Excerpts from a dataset
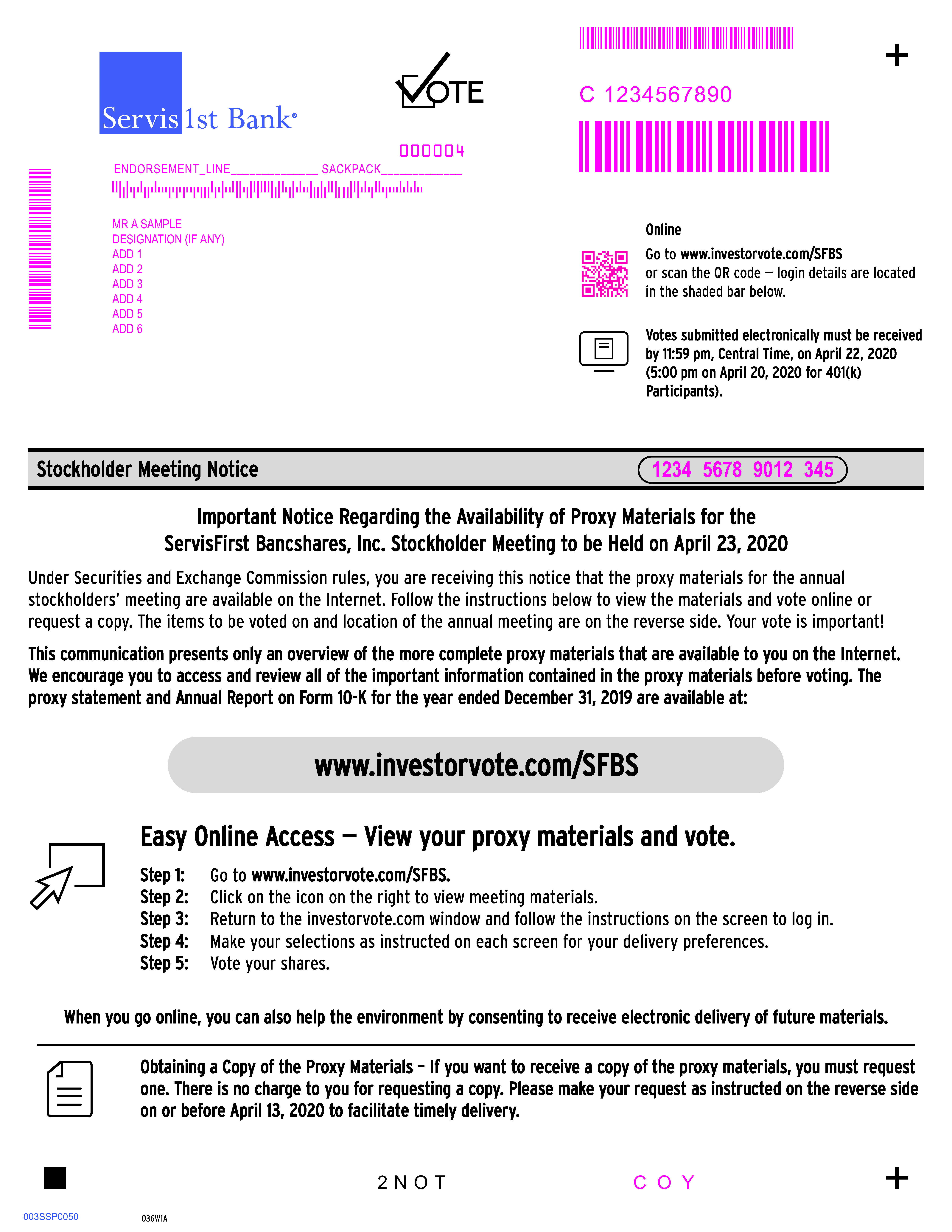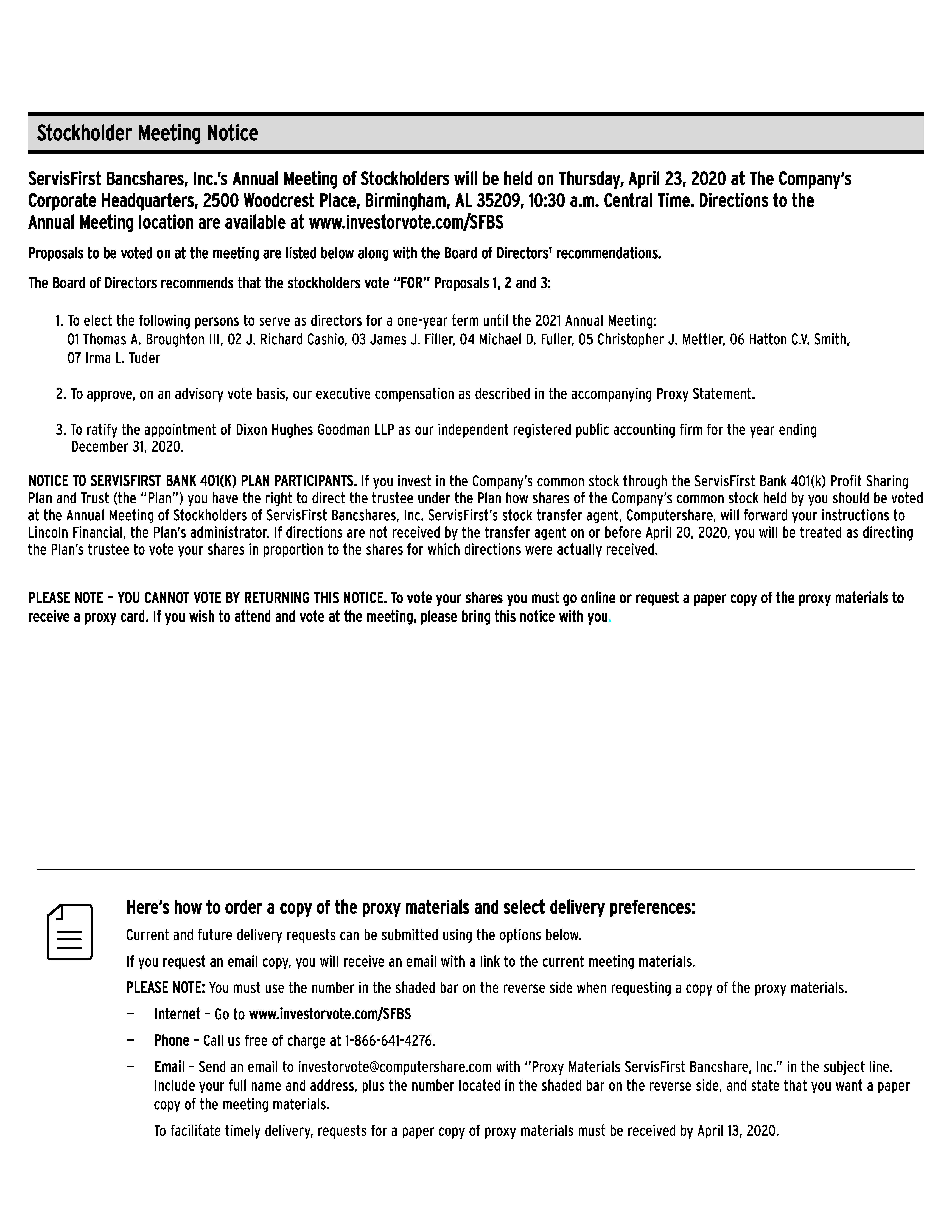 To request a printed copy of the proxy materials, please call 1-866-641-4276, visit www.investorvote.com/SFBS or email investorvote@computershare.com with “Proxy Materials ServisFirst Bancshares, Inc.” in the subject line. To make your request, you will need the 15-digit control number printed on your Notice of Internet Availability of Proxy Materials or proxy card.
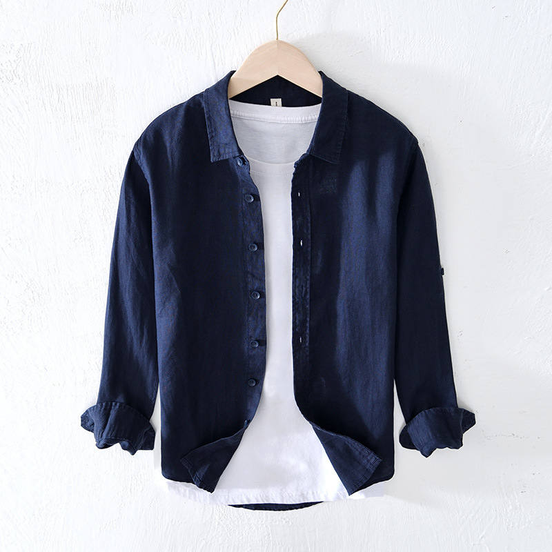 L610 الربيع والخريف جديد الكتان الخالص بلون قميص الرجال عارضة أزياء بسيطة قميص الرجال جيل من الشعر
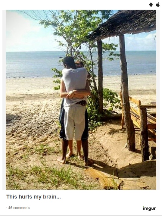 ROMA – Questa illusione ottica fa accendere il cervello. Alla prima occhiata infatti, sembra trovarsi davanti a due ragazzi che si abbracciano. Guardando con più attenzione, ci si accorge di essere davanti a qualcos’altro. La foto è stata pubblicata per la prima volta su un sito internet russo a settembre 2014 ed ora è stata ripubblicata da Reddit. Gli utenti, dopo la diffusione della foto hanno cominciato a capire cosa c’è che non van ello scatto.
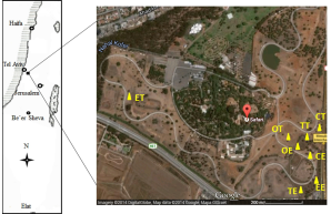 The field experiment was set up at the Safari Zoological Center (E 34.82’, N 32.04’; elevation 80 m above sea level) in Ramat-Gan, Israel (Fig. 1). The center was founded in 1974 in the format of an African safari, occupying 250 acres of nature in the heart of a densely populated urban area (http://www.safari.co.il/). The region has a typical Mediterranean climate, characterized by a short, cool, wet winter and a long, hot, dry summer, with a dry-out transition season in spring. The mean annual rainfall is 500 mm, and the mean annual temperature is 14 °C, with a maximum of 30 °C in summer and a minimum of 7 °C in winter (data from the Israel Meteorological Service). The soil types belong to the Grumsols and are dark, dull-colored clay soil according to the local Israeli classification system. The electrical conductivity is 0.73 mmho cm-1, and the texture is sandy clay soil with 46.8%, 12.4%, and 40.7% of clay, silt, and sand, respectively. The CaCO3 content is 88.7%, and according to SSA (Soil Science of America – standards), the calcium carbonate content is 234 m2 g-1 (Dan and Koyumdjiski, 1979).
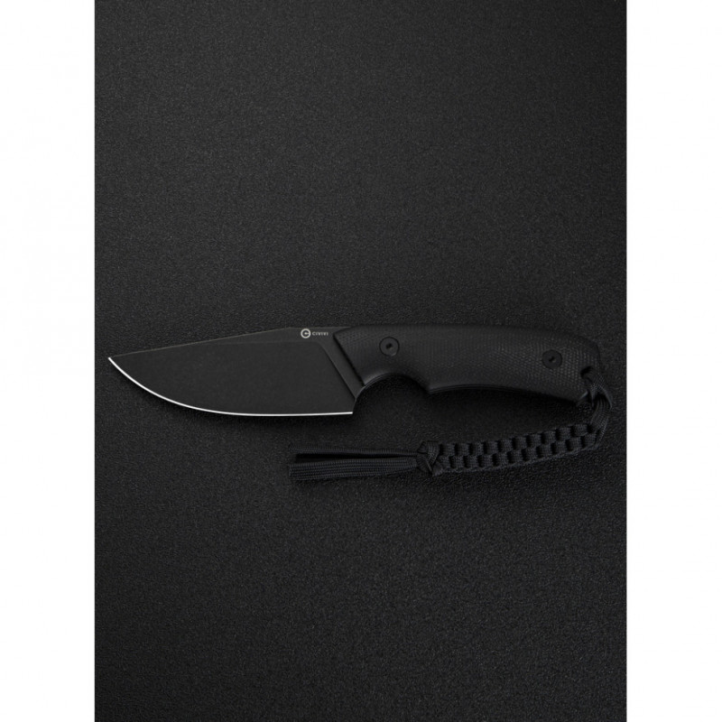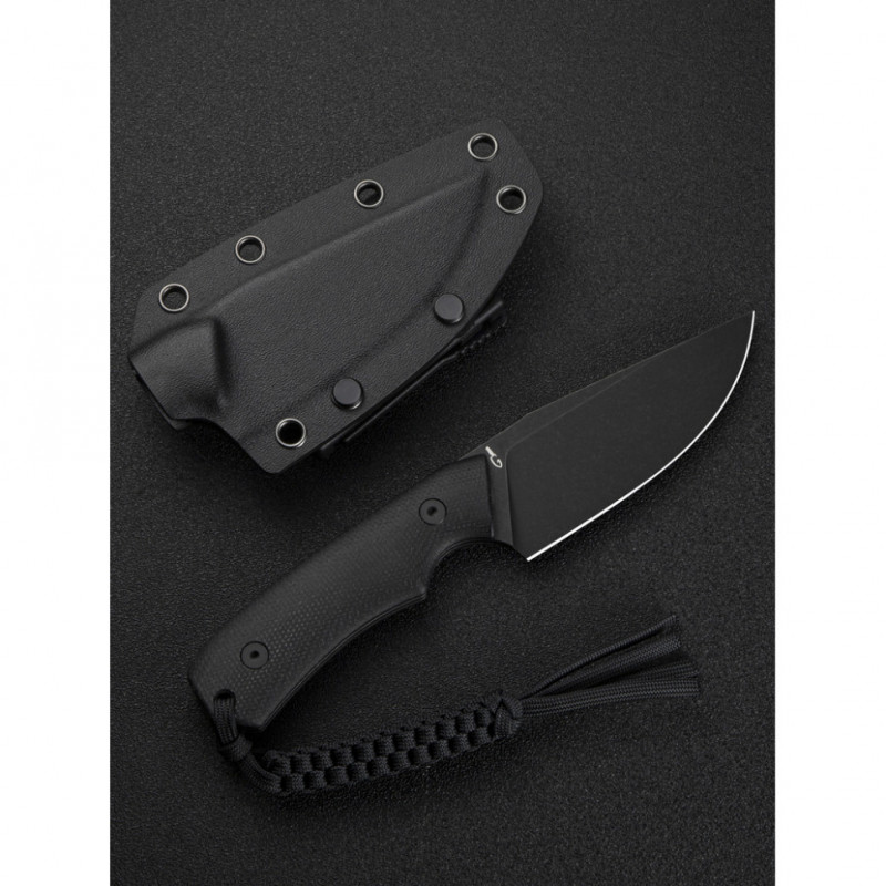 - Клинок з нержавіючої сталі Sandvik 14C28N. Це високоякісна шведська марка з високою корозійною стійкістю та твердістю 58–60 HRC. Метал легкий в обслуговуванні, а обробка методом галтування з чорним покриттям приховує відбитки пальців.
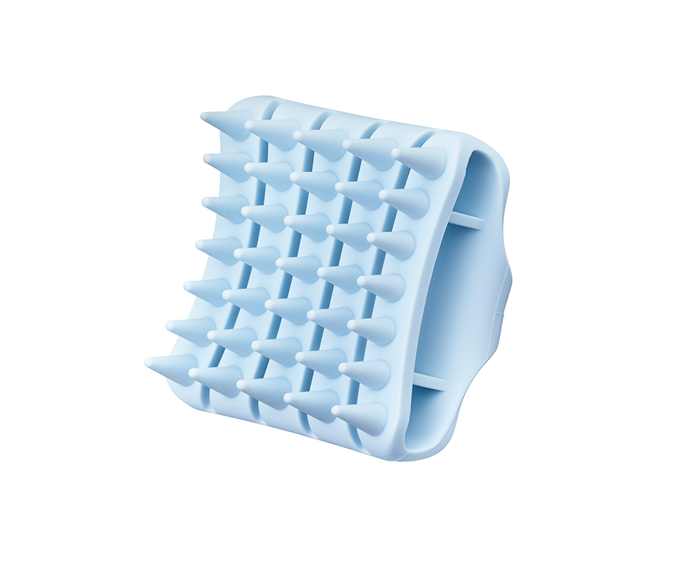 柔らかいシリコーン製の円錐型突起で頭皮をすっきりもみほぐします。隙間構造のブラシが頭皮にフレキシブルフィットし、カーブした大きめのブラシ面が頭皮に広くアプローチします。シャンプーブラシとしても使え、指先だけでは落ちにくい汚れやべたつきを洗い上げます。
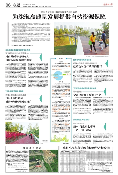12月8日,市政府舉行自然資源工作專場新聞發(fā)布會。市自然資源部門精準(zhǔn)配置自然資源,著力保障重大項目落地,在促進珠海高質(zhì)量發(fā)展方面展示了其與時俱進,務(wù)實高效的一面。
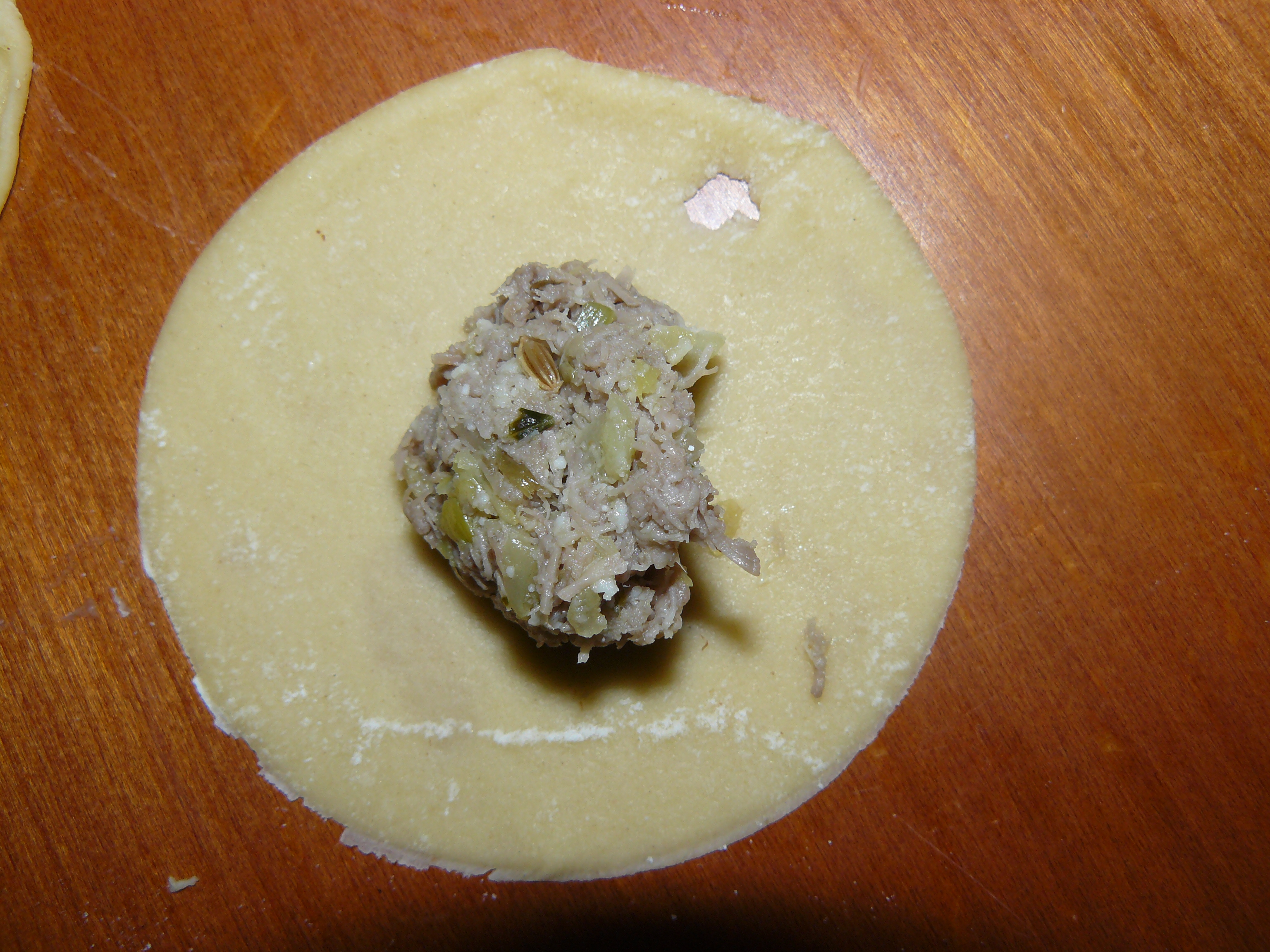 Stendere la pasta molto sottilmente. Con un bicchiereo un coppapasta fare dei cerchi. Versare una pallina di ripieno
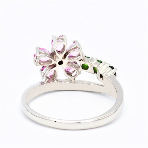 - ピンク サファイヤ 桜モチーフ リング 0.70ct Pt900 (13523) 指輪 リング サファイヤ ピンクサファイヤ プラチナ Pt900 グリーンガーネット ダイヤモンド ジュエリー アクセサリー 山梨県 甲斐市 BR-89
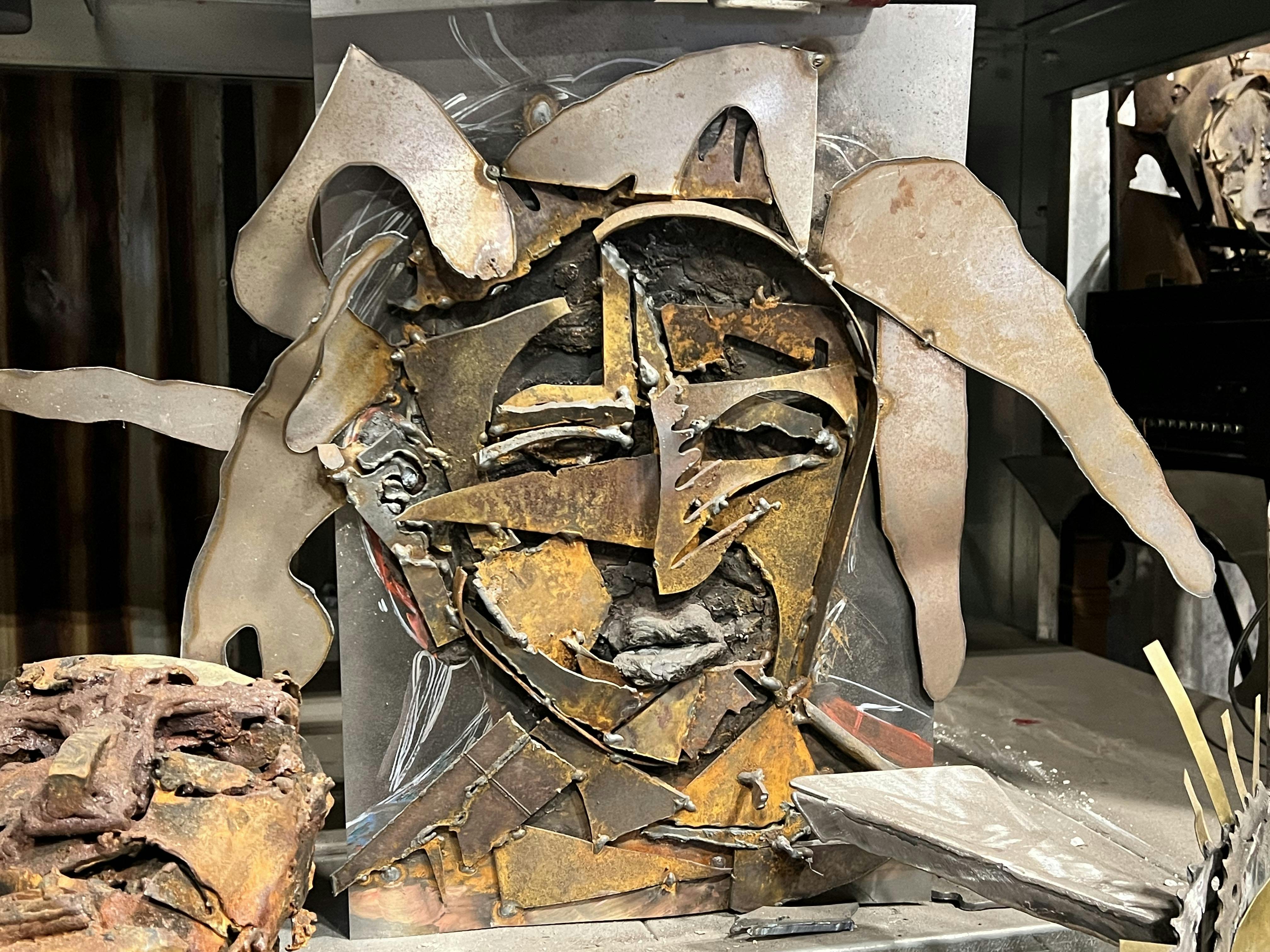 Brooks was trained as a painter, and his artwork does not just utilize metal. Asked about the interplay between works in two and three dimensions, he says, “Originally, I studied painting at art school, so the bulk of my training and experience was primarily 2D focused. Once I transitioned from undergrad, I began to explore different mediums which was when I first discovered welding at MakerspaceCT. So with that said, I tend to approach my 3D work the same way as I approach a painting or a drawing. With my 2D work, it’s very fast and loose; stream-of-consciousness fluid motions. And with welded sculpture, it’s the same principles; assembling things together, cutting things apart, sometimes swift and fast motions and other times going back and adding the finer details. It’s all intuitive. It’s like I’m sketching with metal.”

What the task requires: Omit every picture, and please return the entries exactly from the first line through the line with "ROMA – Questa", both included.

Task solution:
 To request a printed copy of the proxy materials, please call 1-866-641-4276, visit www.investorvote.com/SFBS or email investorvote@computershare.com with “Proxy Materials ServisFirst Bancshares, Inc.” in the subject line. To make your request, you will need the 15-digit control number printed on your Notice of Internet Availability of Proxy Materials or proxy card.
 L610 الربيع والخريف جديد الكتان الخالص بلون قميص الرجال عارضة أزياء بسيطة قميص الرجال جيل من الشعر
 ROMA – Questa illusione ottica fa accendere il cervello. Alla prima occhiata infatti, sembra trovarsi davanti a due ragazzi che si abbracciano. Guardando con più attenzione, ci si accorge di essere davanti a qualcos’altro. La foto è stata pubblicata per la prima volta su un sito internet russo a settembre 2014 ed ora è stata ripubblicata da Reddit. Gli utenti, dopo la diffusione della foto hanno cominciato a capire cosa c’è che non van ello scatto.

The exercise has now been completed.